─── PROVIDED MATERIAL ───

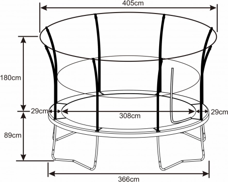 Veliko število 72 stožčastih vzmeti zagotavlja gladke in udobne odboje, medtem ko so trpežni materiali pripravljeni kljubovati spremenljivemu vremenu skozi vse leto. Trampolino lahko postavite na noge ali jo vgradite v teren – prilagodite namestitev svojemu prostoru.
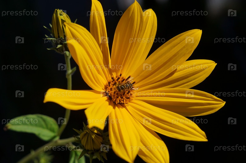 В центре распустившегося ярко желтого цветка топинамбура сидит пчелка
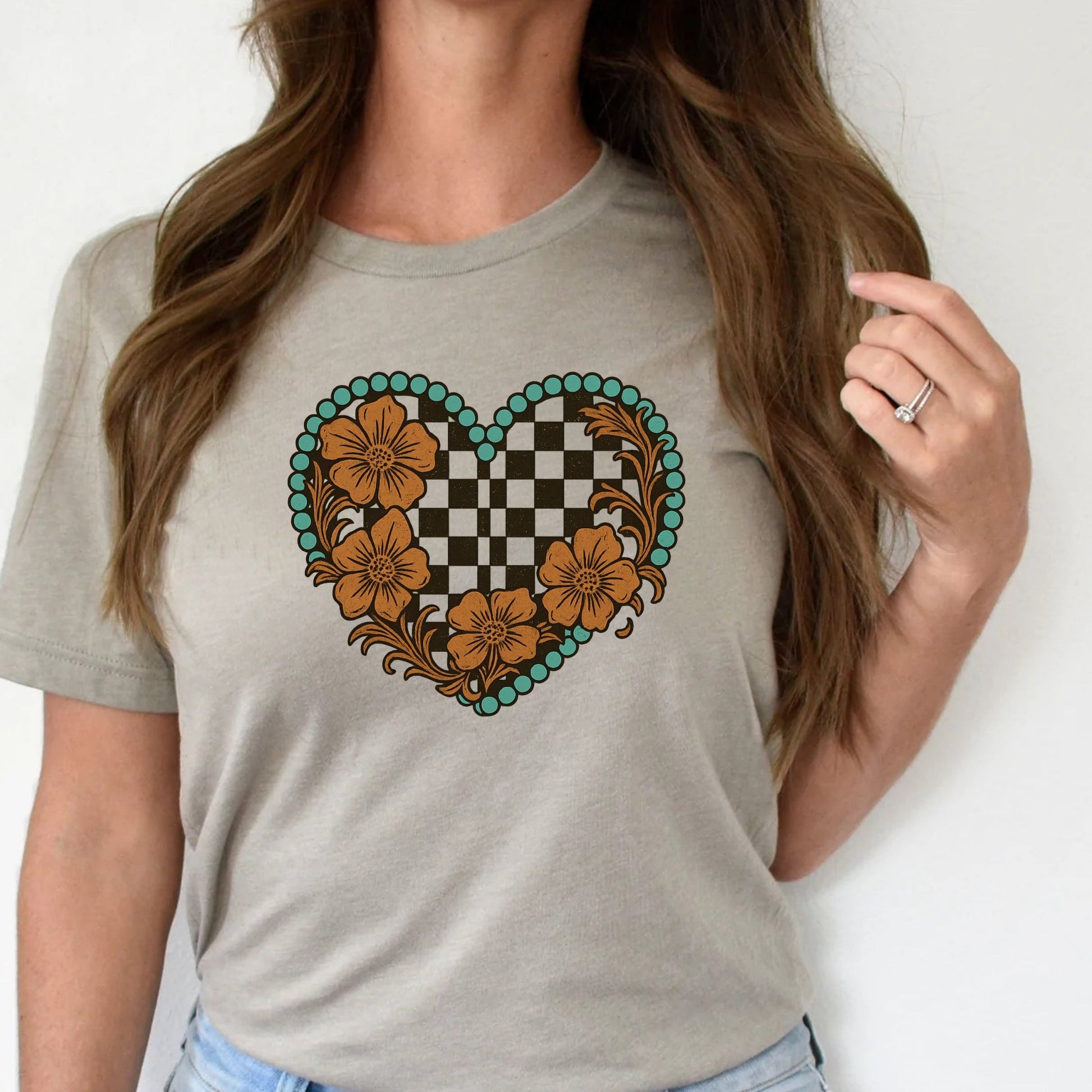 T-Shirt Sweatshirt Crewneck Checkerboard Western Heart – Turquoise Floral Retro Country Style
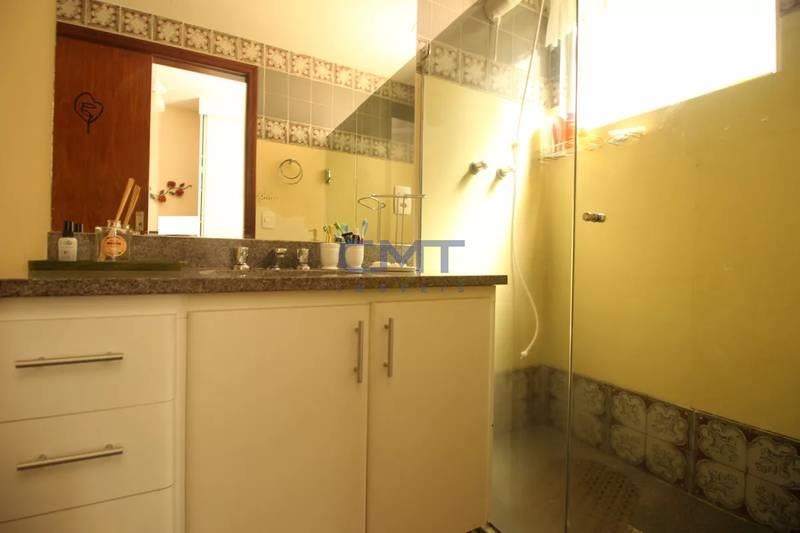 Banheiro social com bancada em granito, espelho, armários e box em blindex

───

Give back the whole listing exactly as it stands. No pictures belong in the copy.

• **TASK RESPONSE**
 Veliko število 72 stožčastih vzmeti zagotavlja gladke in udobne odboje, medtem ko so trpežni materiali pripravljeni kljubovati spremenljivemu vremenu skozi vse leto. Trampolino lahko postavite na noge ali jo vgradite v teren – prilagodite namestitev svojemu prostoru.
 В центре распустившегося ярко желтого цветка топинамбура сидит пчелка
 T-Shirt Sweatshirt Crewneck Checkerboard Western Heart – Turquoise Floral Retro Country Style
 Banheiro social com bancada em granito, espelho, armários e box em blindex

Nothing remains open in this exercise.